Pamiętam że miałem taki, ale skąd to pojęcia już brak. Kawał kloca był, ekran mały ale tył za to bardzo długi – obudowa blaszana. Być może znalazłem gdzieś na „śmieciach” lub dostałem od kogoś. Niestety nie pamiętam już szczegółów. Mam jakieś prześwity jak to wyglądało, ale nic na dzisiejszych internetach nie znalazłem. Wiem że byłem super szczęśliwy że mogłem w zaciszu mojego małego pokoju oglądać „telewizję” – bez rodziców… (miałem może z 8lat).

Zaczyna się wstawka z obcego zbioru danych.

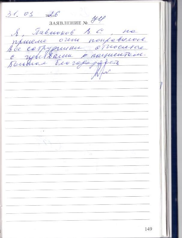 Я, Павлюков В.С., на приеме очень понравилось. Все сотрудники относятся с чувствами к пациентам. Большая благодарность.
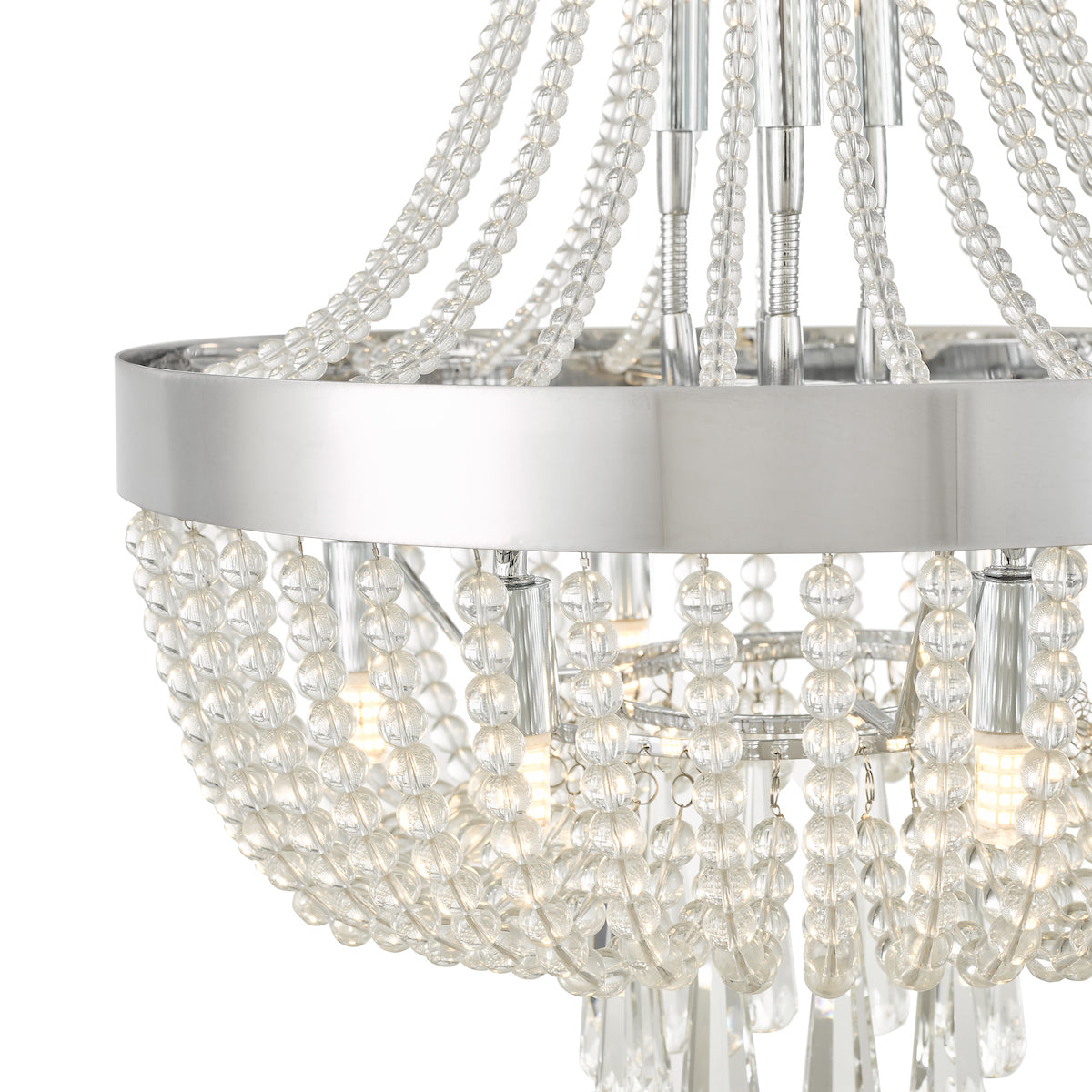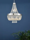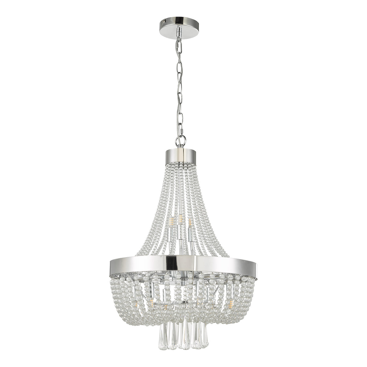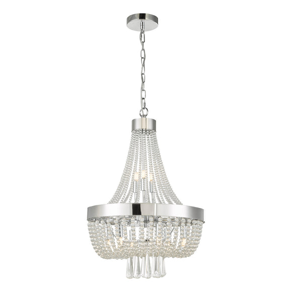 The 9 light crystal chandelier is festooned with crystal glass beads around a lavish arrangement of central glass drops. A beautiful decorative piece perfect for adding glamour to most rooms. The crystal chandelier comes with 1m of hanging chain which can easily be shortened on installation. If you like this look and height is a problem, try our 0183SAI 5 light flush ceiling light which has the same styling but suited to low ceilings.
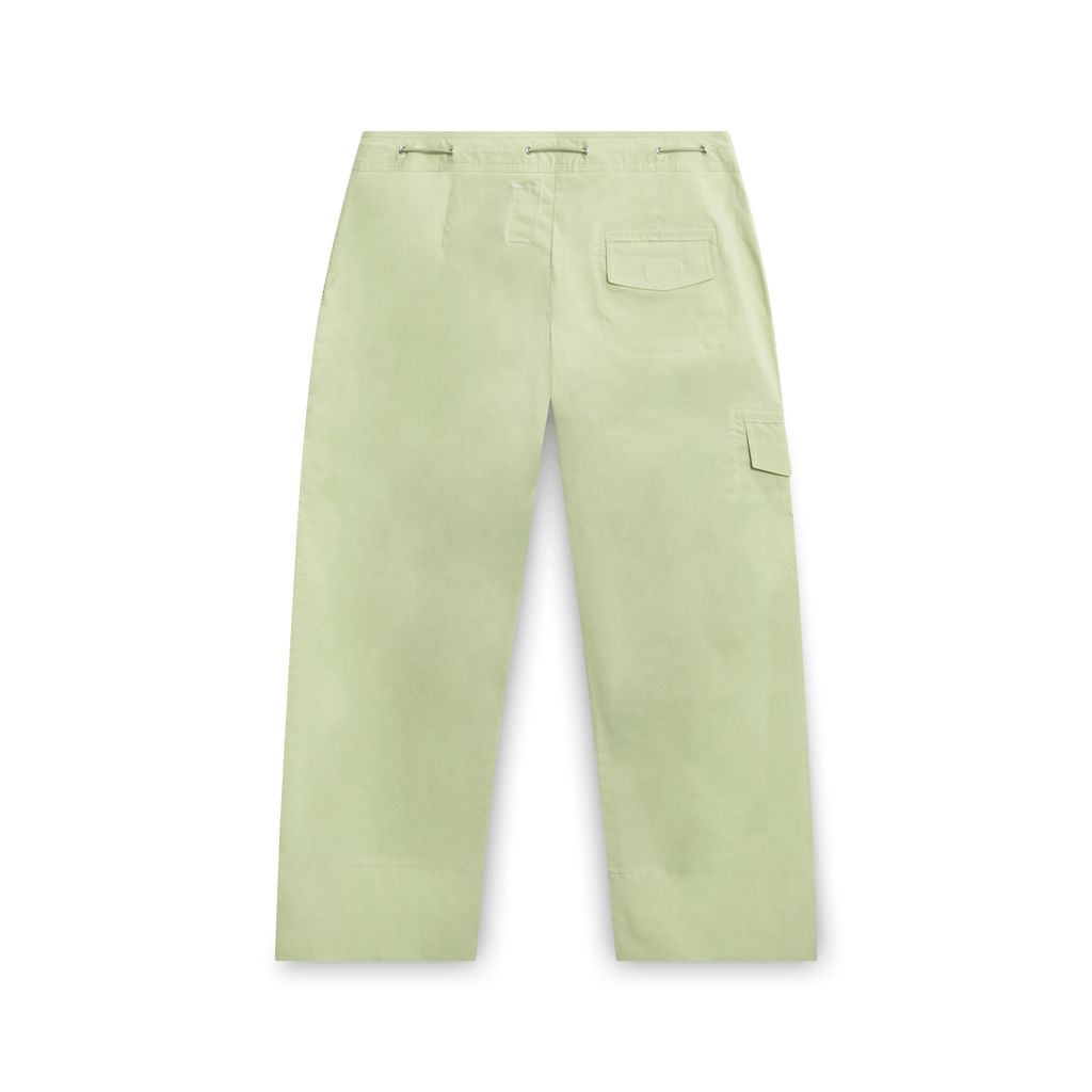 Light green cargo pants with a hook and zipper enclosure, and adjustable ties at the waist. Pants feature two pockets at the side waist, and one on the left leg. A stylized print of Paris Hilton is featured on the right leg, and the text "Generic Punk" is also featured at the left leg.

Jeden lub dwa programy, kombinowałem z kablami antenowymi, ale nie miałem jeszcze wtedy o tym większego pojęcia. Wszystko trzeba było robić w ukryciu przed ojcem co by nie zepsuć wszystkiego… Chwila kiedy udało się odpalić tv i jakiś film, który właśnie wtedy leciał – chyba 007 Bond. Niezapomniane uczucie, szef szefów i nikt mi kanału nie przełączy! Bo na jaki by inny? I to wszystko black/white – taki był odbiornik. Fajne wspomnienia.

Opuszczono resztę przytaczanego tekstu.